By Jointra Editorial Team, Certified EMT
EMS providers are less frequently called to pediatric emergencies than adult ones, which means less clinical exposure and often more anxiety. Understanding the physiological differences between children and adults is the foundation for confident, competent pediatric care.
Airway: Children have a proportionally larger occiput that causes neck flexion when supine — neutral position for airway opening requires a folded towel under the shoulders in infants. The larynx is higher and more anterior (harder to visualize on intubation). The tongue is proportionally larger. The trachea is shorter and narrower — a small amount of edema can dramatically reduce airway diameter.
Chest wall: More compliant than adults — meaning children can tire from the work of breathing more quickly. Retractions are a reliable sign of respiratory distress.
Head: Proportionally larger head = greater force on the neck in deceleration injuries = higher risk of cervical spine injury without obvious fracture.
Compensated shock: Children compensate for shock much more effectively than adults — heart rate and systemic vascular resistance increase dramatically to maintain blood pressure. A child can lose 25–30% of blood volume before showing hypotension. By the time you see a BP drop in a pediatric patient, they are in decompensated shock. This is critical.
Normal vital signs by age (approximate):
| Age | Heart Rate | Respiratory Rate | Systolic BP | |---|---|---|---| | Newborn | 100–160 | 40–60 | 60–90 | | 1 year | 90–150 | 25–50 | 70–100 | | 3 years | 80–130 | 20–30 | 80–110 | | 6 years | 70–120 | 18–25 | 90–110 | | 10 years | 60–110 | 15–20 | 95–120 |
Drug dosing: Weight-based. Use a length-based tape (Broselow tape) for rapid weight estimation in the field.
A rapid, 30-second visual assessment before laying a hand on the child:
1. Appearance — tone, interactivity, consolability, look/gaze, speech/cry 2. Work of breathing — abnormal sounds, abnormal positioning, retractions, nasal flaring 3. Circulation to skin — pallor, mottling, cyanosis
The PAT immediately tells you how sick the child is and guides your pace of intervention.

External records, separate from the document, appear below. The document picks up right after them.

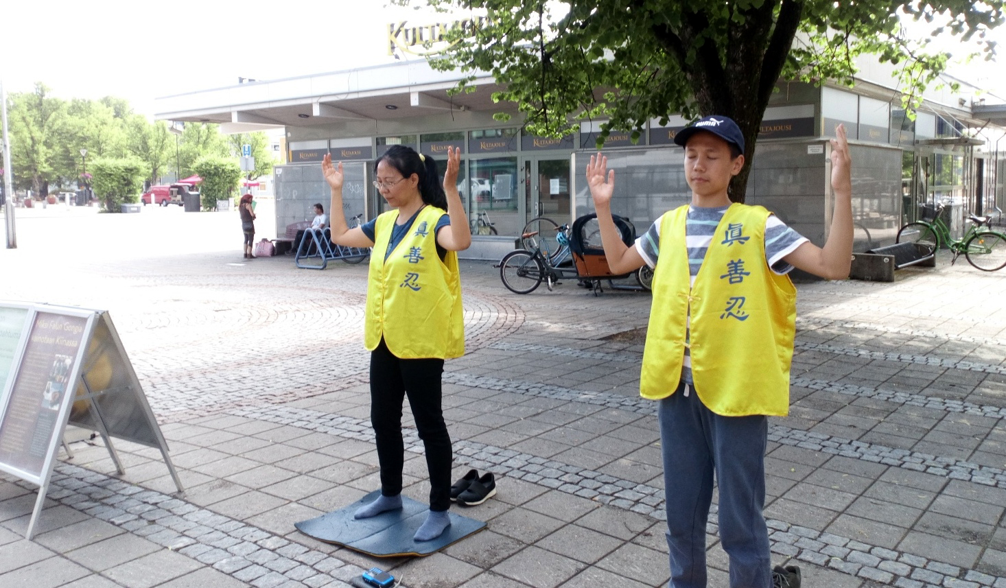 ![]() 图1:法轮功学员在波尔沃市隆迪商场外面炼功 |
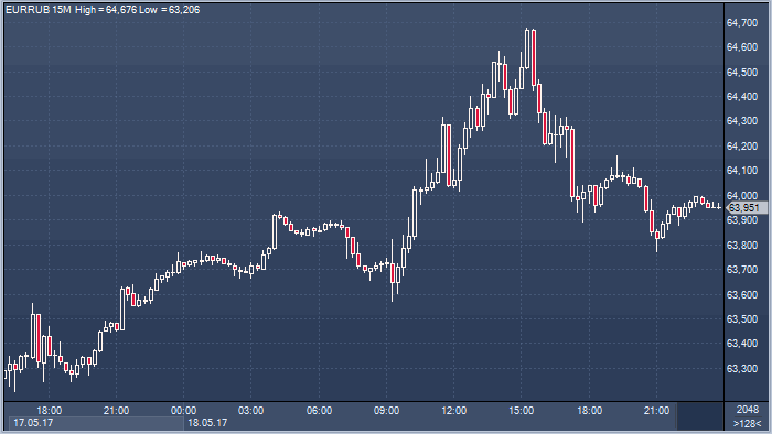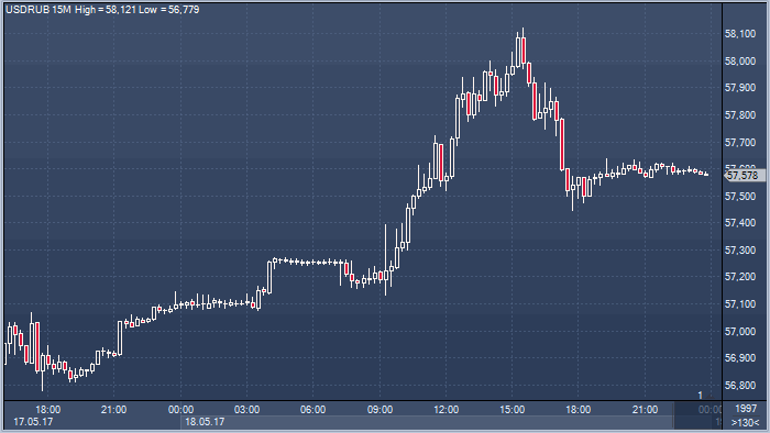 По итогам торгов в четверг 18 мая курс доллара к рублю вырос на 47 копеек и составил 57.58 за единицу американской валюты. Курс евро укрепился на 23 копейки до 63.95 рубля за единицу европейской валюты (прим. ProFinance.ru: по состоянию на 23:50 мск).
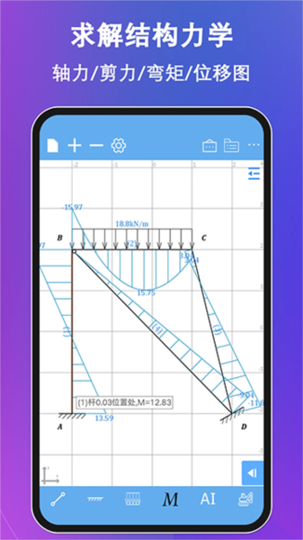 结构力学求解器是一款面向土木工程与建筑设计人员的专业分析工具,该软件集成了建模、计算与结果可视化等核心功能,用户可通过直观的触控操作完成结构绘制、添加约束与荷载,极大提升了工作效率。其功能全面,不仅能够绘制内力图,还涵盖动力学分析、影响线计算及几何构造判定,为工程设计与教学提供了有力的辅助。

Respiratory distress is the most common serious pediatric emergency. Croup, bronchiolitis (RSV), asthma, and foreign body aspiration are the most frequent causes. The child in a tripod position with accessory muscle use needs immediate treatment.
Febrile seizures are the most common type of seizure in children 6 months to 5 years. Usually brief, generalized, and self-resolving. Still warrants EMS evaluation to rule out more serious causes.
Sepsis presents subtly in children. Look for fever or hypothermia, tachycardia, altered mental status, and skin findings (mottling, prolonged capillary refill).
A distressed child is a distressed parent. Keep the caregiver involved and calm — their anxiety directly affects the child's cooperation. Whenever safe to do so, allow a parent to hold the child during assessment and treatment.